---------- EXERCISE DATA

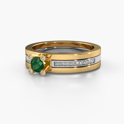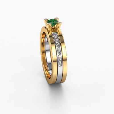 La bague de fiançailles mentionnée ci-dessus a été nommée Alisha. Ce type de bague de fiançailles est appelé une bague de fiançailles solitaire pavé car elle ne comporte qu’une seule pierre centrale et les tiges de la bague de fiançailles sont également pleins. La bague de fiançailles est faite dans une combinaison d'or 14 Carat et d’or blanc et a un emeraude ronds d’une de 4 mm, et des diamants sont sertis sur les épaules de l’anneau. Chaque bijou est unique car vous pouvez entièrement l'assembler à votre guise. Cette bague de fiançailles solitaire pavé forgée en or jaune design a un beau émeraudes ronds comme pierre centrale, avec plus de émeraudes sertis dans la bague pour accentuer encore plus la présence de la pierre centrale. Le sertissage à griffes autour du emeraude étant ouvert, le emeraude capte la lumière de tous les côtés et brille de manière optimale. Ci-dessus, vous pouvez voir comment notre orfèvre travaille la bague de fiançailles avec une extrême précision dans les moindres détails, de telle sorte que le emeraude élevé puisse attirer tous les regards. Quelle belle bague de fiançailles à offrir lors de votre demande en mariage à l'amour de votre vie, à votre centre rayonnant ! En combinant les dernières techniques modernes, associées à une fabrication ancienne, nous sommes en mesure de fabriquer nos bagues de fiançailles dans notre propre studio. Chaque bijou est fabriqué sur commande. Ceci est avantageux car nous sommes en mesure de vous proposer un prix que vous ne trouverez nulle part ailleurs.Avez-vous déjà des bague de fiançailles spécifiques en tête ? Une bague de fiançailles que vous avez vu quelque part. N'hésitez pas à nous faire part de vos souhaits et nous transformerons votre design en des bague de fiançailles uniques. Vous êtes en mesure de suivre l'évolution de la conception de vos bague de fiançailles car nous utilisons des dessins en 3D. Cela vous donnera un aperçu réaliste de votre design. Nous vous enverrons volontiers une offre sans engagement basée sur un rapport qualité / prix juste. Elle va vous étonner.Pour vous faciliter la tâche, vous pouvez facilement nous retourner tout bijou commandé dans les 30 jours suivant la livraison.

--------------------
---------- EXERCISE DATA

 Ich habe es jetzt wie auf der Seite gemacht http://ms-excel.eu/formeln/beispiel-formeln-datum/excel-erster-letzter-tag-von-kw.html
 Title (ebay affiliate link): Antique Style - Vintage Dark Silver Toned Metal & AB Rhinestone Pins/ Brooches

--------------------

» ASSIGNMENT: Repeat, exactly as they stand above, the lines from the line with "Ich habe es" to the line with "Title (ebay affiliate", both lines included.

» REPLY TO THE TASK:
 Ich habe es jetzt wie auf der Seite gemacht http://ms-excel.eu/formeln/beispiel-formeln-datum/excel-erster-letzter-tag-von-kw.html
 Title (ebay affiliate link): Antique Style - Vintage Dark Silver Toned Metal & AB Rhinestone Pins/ Brooches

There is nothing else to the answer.